No offence n’ all, but many continental European law grads from universities across France, Germany and Scandinavia would shit all over your supposedly superior Oxbridge graduates.

It is far more difficult to get into an elite law course at universities such as Copenhagen or Heidelberg or Humbolt with their stringent entry requirements than some public school pinhead who managed to flog 3 As at A-level which even a paralysed eel could achieve.

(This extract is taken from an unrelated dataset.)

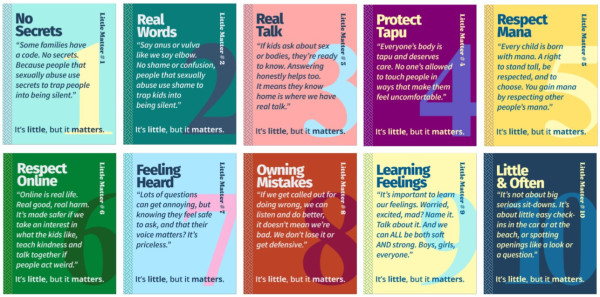Little Matters are the small, everyday codes, tikanga, and habits that help keep tamariki safer today and raise a future free from child sexual abuse.

The only good thing UK universities are genuinely successful at is peddling their reputation to foreign cash cow students by offering an English-speaking education, which is spoon-fed to its students.

(2)(0)

Anonymous

“If you’re a massive anal busybody you too can one day disrupt the benign practices of thousands of legitimate businesses”
Hooray, now people can continue to believe that offering up their personal information on somebody else’s website apropos of nothing means that Mark Zuckerberg gives a shit about their cat pictures and holiday selfies.
I do not understand the point of law here. The data protection principles under the safe harbour agreement are perfectly sufficient. There is no need to grant people further entitlements.

(5)(7)

Anonymous

Hahahahahahaha

(0)(0)

Anonymous

https://youtu.be/6qpudAhYhpc?t=1s

Enjoy it while it lasts.

(0)(0)

Lord Harley of Council House

Just wait until I get my injunction against the Law Society.

(3)(1)

Lord Harley of Bollocks

I have added this man’s accomplishment to my linkedin profile.

What a hero I am!

(6)(0)

Mayor of the Internet

Dear Mr Blacker,
I am surprised and thoroughly impressed at the news I have seen on LinkedIn.
I hereby award you the ribbon of valour for your excellent feat, good sir. may you continue to be a Mozart of the Internet for many years!

(5)(0)

Lord Harley of Bollocks

I accept it as coming from the Privy Council of Her Majesty the Queen, and will record it on my linkedin profile accordingly. I am overwhelmed with pride.

(5)(0)

JustAnotherPerson

Saw your linkedin. Stunning profile picture. x

(8)(0)

Deed U No

Pray tell, who has not transgressed Your civilised laws?
Pray tell, the purpose of a sinless, principled and patriotic life?
If with Evil You punish evil that, I have done,
Pray tell, what is the difference between You and me ?
– Rubaiyat by Omar Khayyam, Poet, Sage, Peacemaker, Astronomer.

“Quis custodiet ipsos custodes? – Roman Poet Juvenal in his satires.